A Conftest policy to block unencrypted clusters in a Terraform plan:
package eks.secrets
deny[msg] {
resource := input.resource_changes[_]
resource.type == "aws_eks_cluster"
not resource.change.after.encryption_config
msg := sprintf("EKS cluster %s has no secrets encryption config", [resource.address])
}
Wire it into your pipeline:
terraform plan -out tfplan.binary
terraform show -json tfplan.binary > tfplan.json
conftest test --policy ./policy tfplan.json
Tip: Checkov ships a built-in rule for this (CKV_AWS_58). Add checkov -d . --check CKV_AWS_58 to a CI step and you get coverage without writing a custom policy.
Best practices
- Use a customer-managed KMS key, not an AWS-managed one. A CMK lets you control the key policy, audit usage through CloudTrail, and revoke access independently.

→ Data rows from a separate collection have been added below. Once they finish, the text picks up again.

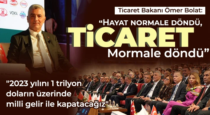 Ticaret Bakanı Ömer Bolat, Gaziantep'te katıldığı "Turkuaz Medya Buluşmaları-Türkiye İhracat Seferberliği" programında konuşarak, 2023 yılını 1 trilyon doların üzerinde milli gelir ile kapatacaklarını söyledi.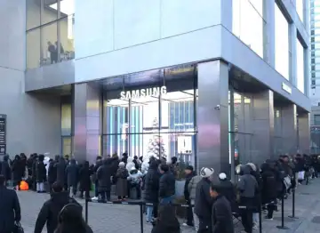 Customers lined up buy Galaxy Z Trifold at Samsung store in Seoul.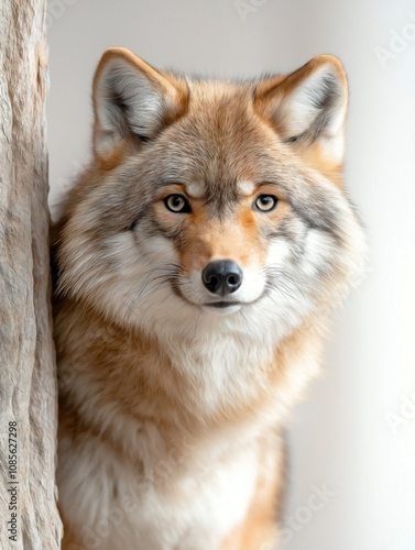 © S.JR Stocker, Fototapeta premium a winter wolf with thick gray and white fur, isolated on a solid light beige background,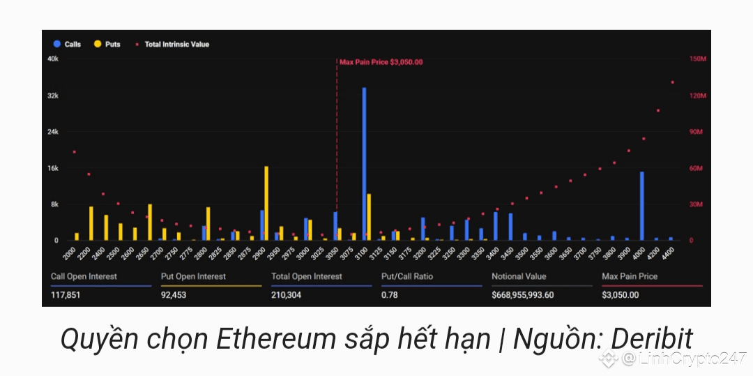 ETH’s maximum pain level is $3,050, while current price trades near $3,180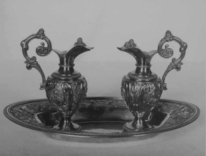 Chapelle d'orfèvrerie : calice et patène 5, plateau à burettes et 2 burettes,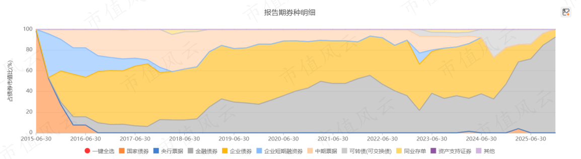 拓荒以来,这只基金在债券方面的券种成就上主要为为三类,分歧为金融债券、企业债券和中期单子。2025年末,金融债券的握仓比重已达84.6%。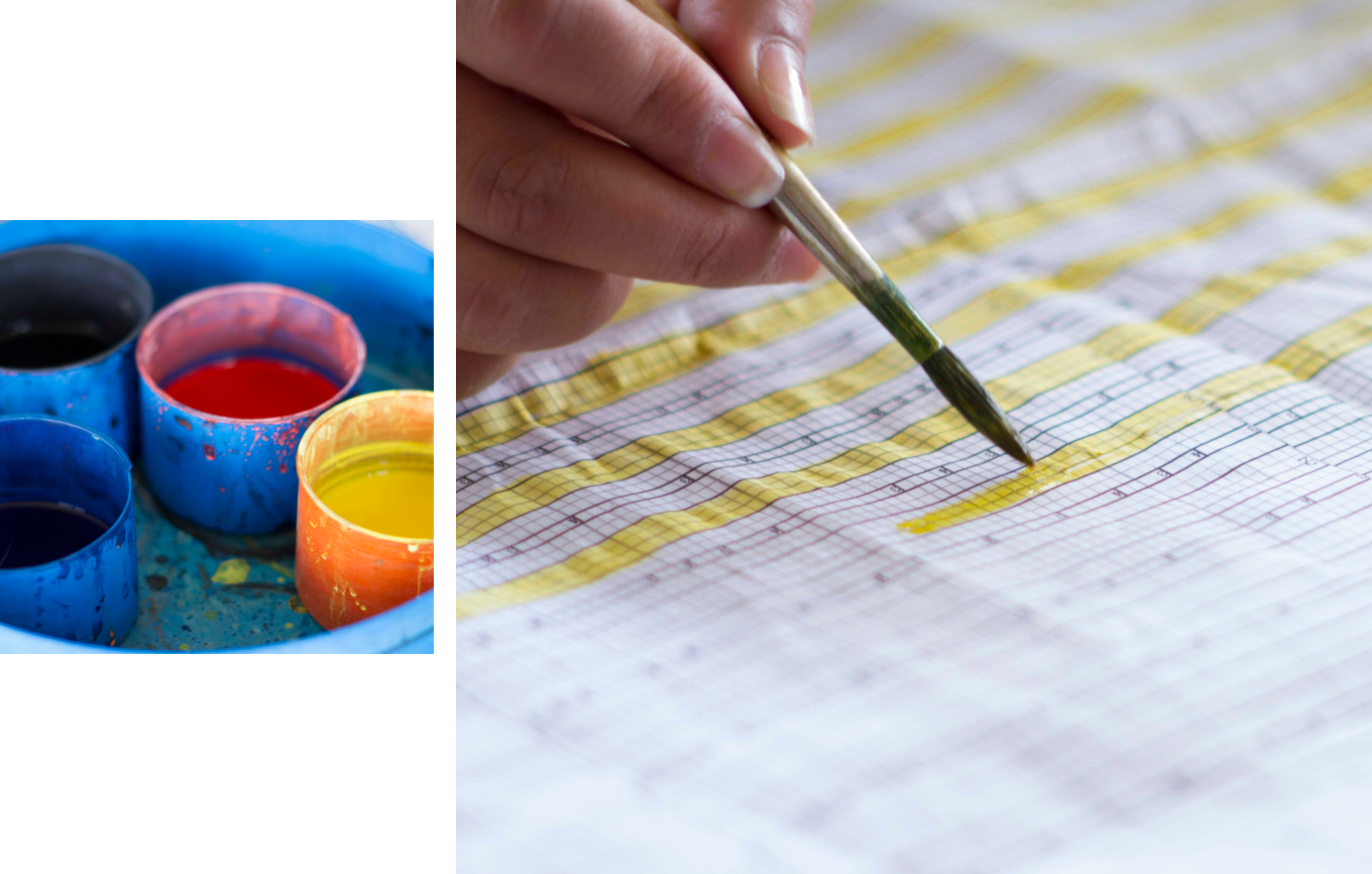 Once the template is prepared, it is attached to a large vertically stretched canvas, and the pattern outline is transferred to the canvas by brushing ink onto the acetate, which seeps through the holes. Then an artist finishes the pattern on the canvas by hand.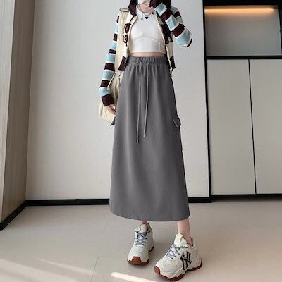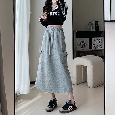 【急速出荷】【2枚購入で 2oo円OFF! 】2024春夏新作 着痩せ スカート ロングスカート ハイウエスト Aライン スタイルアップ カジュアル 運動 セミロング スリット タイトスカート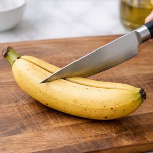 Take your medium banana and place it on a cutting board. Using a sharp chef’s knife, cut the banana lengthwise—but here’s the key technique: don’t cut all the way through. You want to cut about three-quarters of the way down the side, stopping before you hit the other side.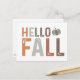 Este diseño de otoño da la bienvenida calurosamente a la temporada de otoño con la frase "Hello Fall". Las palabras están dispuestas en un diseño simple pero visualmente atractivo, con "Hello" colocado sobre "Fall". Cada letra de la frase se presenta en un tipo de letra atrevido y bloqueante con una textura un poco angustiada, dándole una apariencia rústica y caprichosa que complementa el tema otoñal.

- Enable automatic key rotation on the CMK so the underlying key material rotates yearly without manual work.
- Scope the key policy tightly. Grant the EKS service and the cluster role only the
kms:Encrypt,kms:Decrypt, andkms:DescribeKeypermissions they need. - Consider an external secrets manager. For high-value credentials, pull from AWS Secrets Manager or Parameter Store at runtime via the Secrets Store CSI Driver instead of storing them as native Kubernetes secrets at all.
- Restrict RBAC on secrets. Encryption at rest does nothing if every service account can read every secret. Lock down
get,list, andwatchon thesecretsresource. - Audit KMS access. Send KMS CloudTrail events to your logging pipeline and alert on unexpected decrypt calls against the cluster key.
Envelope encryption is cheap insurance. The KMS cost is negligible, the setup is a single API call at cluster creation, and it removes one of the most common findings in any EKS security review.